Coco Gauff’s run at Wimbledon now feels like a real breakthrough on grass. After a two-year wait for a grass-court win, the American has beaten Jessica Pegula to reach the Wimbledon semifinals for the first time, turning a surface that had become her weakest recent setting into a route back into the biggest rounds.
That matters because Wimbledon had been the one Grand Slam where Gauff had not previously gone beyond the quarterfinals. It also came after a difficult recent pattern on grass, including losses in Berlin and an early exit at Wimbledon last year. For a player who has often looked more natural on the quicker hard courts, this is the sort of result that changes the mood around a tournament.
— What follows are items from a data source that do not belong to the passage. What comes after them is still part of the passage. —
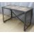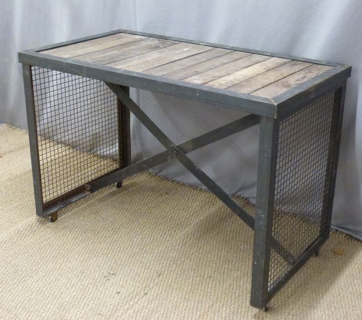Industrial/ shopfitting/ haberdashery Superdry display stand/ table with oak plank top, hanging rails and mesh either end with X support. W165 x D70 x H127cm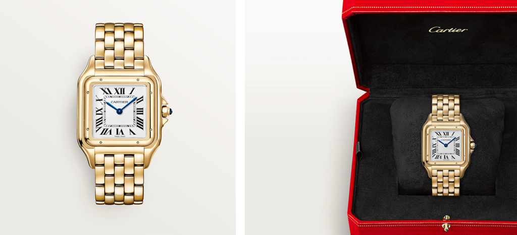 The watch Panthère by Cartier is a symbol of timeless elegance. This large model in 750/1000 yellow gold has harmonious dimensions (31 mm x 42 mm) and a delicate thickness of 6.71 mm. Its silvered dial, adorned with blued steel hands and a crown set with a blue sapphire, embodies Cartier’s distinctive style. Water-resistant to 30 metres, it is complemented by a yellow gold bracelet, offering the ultimate in festive refinement.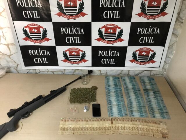 Em buscas domiciliar, foram localizados aproximadamente 70g haxixe, um tipo de maconha, quatro comprimidos de ecstasy, uma porção de cocaína, uma espingarda de pressão equipada com luneta, além da quantia de R$8.500,00 mil reais.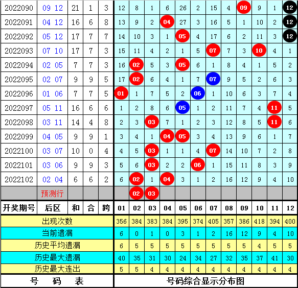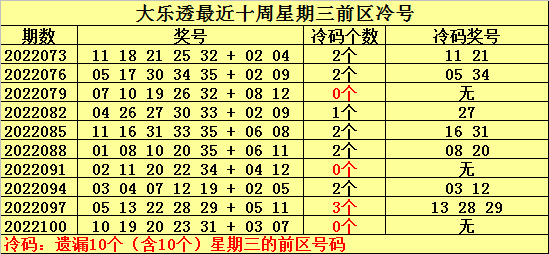 冷号:最近十周星期三前区开出14个冷号,上周星期三冷号轮空,本周星期三放弃冷号出现的可能。
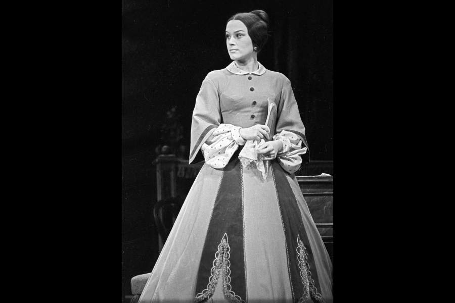 Валентина Талызина родилась в Омске в 1935 году. В 1952 году поступила на экономический факультет Омского сельскохозяйственного института, но изучала основы экономики всего два года — в 1954-м отправилась в Москву, где с первой же попытки поступила в Государственный институт театрального искусства имени Анатолия Луначарского (ГИТИС). В 1958 году вместе с Вадимом Бероевым, своим однокурсником, получила приглашение на работу в Театр имени Моссовета. На фото — Валентина Талызина (Мадам Н) и Вадим Бероев (Антуан) в сцене из спектакля «Жизнь Сент-Экзюпери». Государственный академический театр имени Моссовета. 1968 год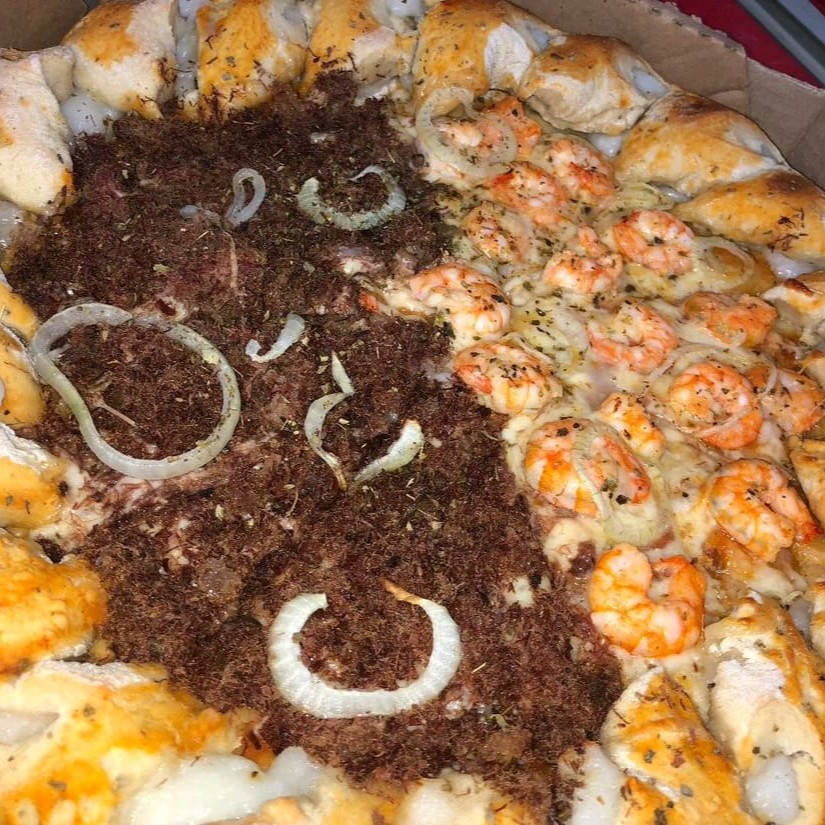 Massa da casa com metade de charque (carne de charque desfiada, cebola, queijo mussarela e orégano), metade de camarão (camarões temperados, cebola, queijo mussarela e orégano) e borda recheada de catupiry.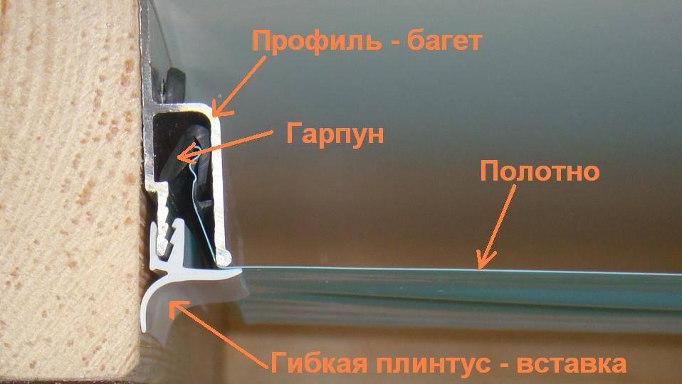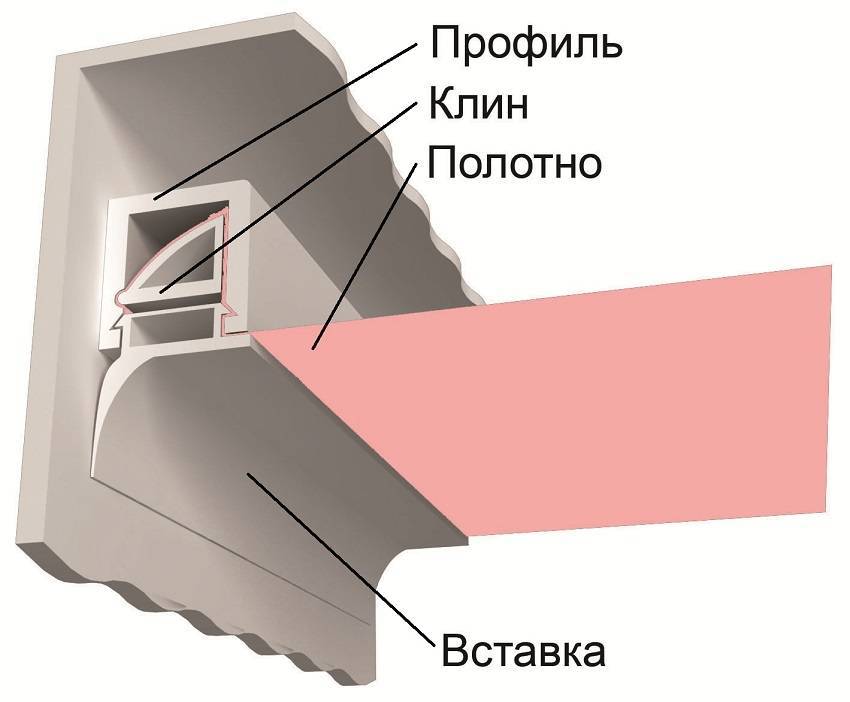 Натяжной потолок — это конструкция из специального полотнища, закреплённая под основным потолком. Для фиксации отделочного материала обычно используют алюминиевые либо пластиковые багеты, закрепляемые при помощи дюбелей по периметру комнаты. Зазоры между сопряжением полотна со стенами скрывают декоративной пластиковой накладкой из ПВХ.

From early exit to semifinal run
The contrast with the recent record is striking. Last year, Gauff lost her first warm-up match at the Berlin Tennis Open and then fell in the first round at Wimbledon. Two weeks before this year’s tournament, she lost another opening match on grass in Berlin. So to now be into the semifinals after beating Belinda Bencic and Jessica Pegula gives this run a very different feel.
Her first-round victory over Tamara Korpatsch on Monday, a 6-2, 6-1 win in less than an hour, was the first sign that the grass story might be changing. It was also her first grass-court win in two years, ending a 24-month wait and suggesting that the surface could finally be becoming less of a problem.
Confidence on the surface
Gauff has been frank about the challenge. “I don’t regret the past, I just learn from it,” she said, a line that fits the way this Wimbledon campaign has unfolded. Rather than hiding from the setbacks, she has used them as part of the rebuild.
She has also made clear where the shift has to come from. “I definitely think I have the ability to play on it. I think it’s more about the confidence,” Gauff said. That is the key point here: the issue was never only technical, but whether she could trust her game on a surface that had repeatedly exposed her.
Why this run matters now
Gauff’s grass-court record has not suddenly turned into a career strength, but this is still a meaningful step. A player who once needed to prove she could handle Wimbledon has now done more than survive the opening rounds. She has beaten Belinda Bencic and Jessica Pegula and moved into the semifinals, which is a proper statement rather than a one-off result.
She remains one of the most interesting players in the draw because her level can still rise quickly when confidence follows her around the court. If this run is the start of a better relationship with grass, Wimbledon may end up being the place where that change became visible.